The legal dilemma that any large business faces when contemplating a relationship with a small business concern, is whether it can protect its interests without structuring the relationship in such a way that the SBA might later determine that, as a result of the relationship, the small business has become affiliated with the large business. More precisely, the SBA can be expected to focus on whether the relationship is such that the large business has the power to control the small business concern. If the power to control is evident, an impermissible affiliation will be found to exist.
The legal issue of whether bonding indemnification results in the power to control, and thereby an affiliation, has been examined by the SBA in a number of cases. In C.E. Wylie Construction Co., 1984 WL 41895 (S.B.A.), the SBA ruled that an indemnification for fee agreement whereby a large business concern indemnified the bonds of a small business concern on a fixed fee basis and which, by its terms, amounted to an arms length business transaction in which both parties benefitted and to which neither was inextricably tied and, which was not otherwise characterized by provisions that gave control or the power to control the small concern by a large concern, was not an impermissible contractual relationship, or affiliation. Similarly, in Steel Style, Inc., 1986 WL 57542 (S.B.A.), the SBA ruled that an indemnification for fee arrangement was permitted where the small business held the large business harmless from the indemnification, and where the small business did not give the large concern exclusivity with respect to the small business concern's bid indemnification business.
It must also be noted, however, that in another case, the SBA decided that where the small business and the alleged large business affiliate were in the same industry, where the large business provided assistance in the preparation of bid documents, and where the large business provided technical services to the small business, the bond indemnification, coupled with these other factors, gave rise to the power to control and to an affiliation. Interface Construction Co., 1988 WL 219876 (S.B.A.). The power to control, therefore, is very important and is subject to considerable scrutiny by the SBA.

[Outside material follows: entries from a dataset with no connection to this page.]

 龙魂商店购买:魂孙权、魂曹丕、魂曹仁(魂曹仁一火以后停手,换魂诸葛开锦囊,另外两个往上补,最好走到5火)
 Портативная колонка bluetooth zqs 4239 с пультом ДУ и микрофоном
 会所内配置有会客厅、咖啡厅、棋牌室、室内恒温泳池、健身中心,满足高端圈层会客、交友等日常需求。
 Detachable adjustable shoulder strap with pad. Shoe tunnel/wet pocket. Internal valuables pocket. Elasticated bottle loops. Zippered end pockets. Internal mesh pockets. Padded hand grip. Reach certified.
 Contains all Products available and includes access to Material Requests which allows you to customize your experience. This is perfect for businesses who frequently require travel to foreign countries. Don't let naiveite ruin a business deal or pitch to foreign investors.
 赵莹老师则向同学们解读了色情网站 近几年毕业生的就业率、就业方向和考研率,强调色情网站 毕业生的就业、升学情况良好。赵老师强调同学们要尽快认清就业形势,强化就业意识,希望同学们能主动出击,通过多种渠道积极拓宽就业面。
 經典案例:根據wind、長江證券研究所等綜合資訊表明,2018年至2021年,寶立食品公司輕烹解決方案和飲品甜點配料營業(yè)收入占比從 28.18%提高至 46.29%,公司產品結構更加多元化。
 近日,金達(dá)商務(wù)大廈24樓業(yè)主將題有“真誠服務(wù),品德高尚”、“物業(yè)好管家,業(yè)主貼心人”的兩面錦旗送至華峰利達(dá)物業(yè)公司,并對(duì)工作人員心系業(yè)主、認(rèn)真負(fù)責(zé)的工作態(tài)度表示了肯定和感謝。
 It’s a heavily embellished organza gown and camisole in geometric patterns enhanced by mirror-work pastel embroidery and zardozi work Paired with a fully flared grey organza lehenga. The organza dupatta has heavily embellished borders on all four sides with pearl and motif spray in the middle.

A large business concern can legally furnish bond indemnification to a small business, or to a HubZone contractor, provided that the circumstances of the particular case are examined and fully addressed in a written indemnification agreement between the parties. Even though large and small construction contractors are in the same general business, there are significant differences in their equipment ownership, experience, financial strength, and performance capabilities. Great care must be taken to avoid any inference of the power to control the small business concern, and the indemnification should be the result of an arms length transaction with few, if any, strings attached.
It is particularly important that the agreement address the unique characteristics of the procurement under which indemnification is contemplated. In those cases where the viability of the small business concern exists even without the indemnification, and where the indemnification is offered because of the unique aspects of a particular procurement, the ability to defend the indemnification is even stronger.

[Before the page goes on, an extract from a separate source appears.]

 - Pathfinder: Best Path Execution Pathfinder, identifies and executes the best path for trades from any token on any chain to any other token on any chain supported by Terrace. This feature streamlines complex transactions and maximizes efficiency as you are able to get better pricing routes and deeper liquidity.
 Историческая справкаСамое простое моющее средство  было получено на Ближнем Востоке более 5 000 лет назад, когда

The practical problem that the large business concern will face is that if competitors of the HubZone contractor suspect that there is assistance from a large business concern, there will undoubtedly be a size status protest and the nature of any bond indemnification will be scrutinized. In such a case, there must be full disclosure to the SBA about the nature and terms of the indemnification. Provided that there is no attempt to conceal the indemnification, neither the large business nor its surety need to be concerned about violating the law.
As explained above, it is very important to enter into an agreement that complies with the SBA's restrictions on affiliation, that discloses the indemnification, and that fully explains the rights and responsibilities of the parties.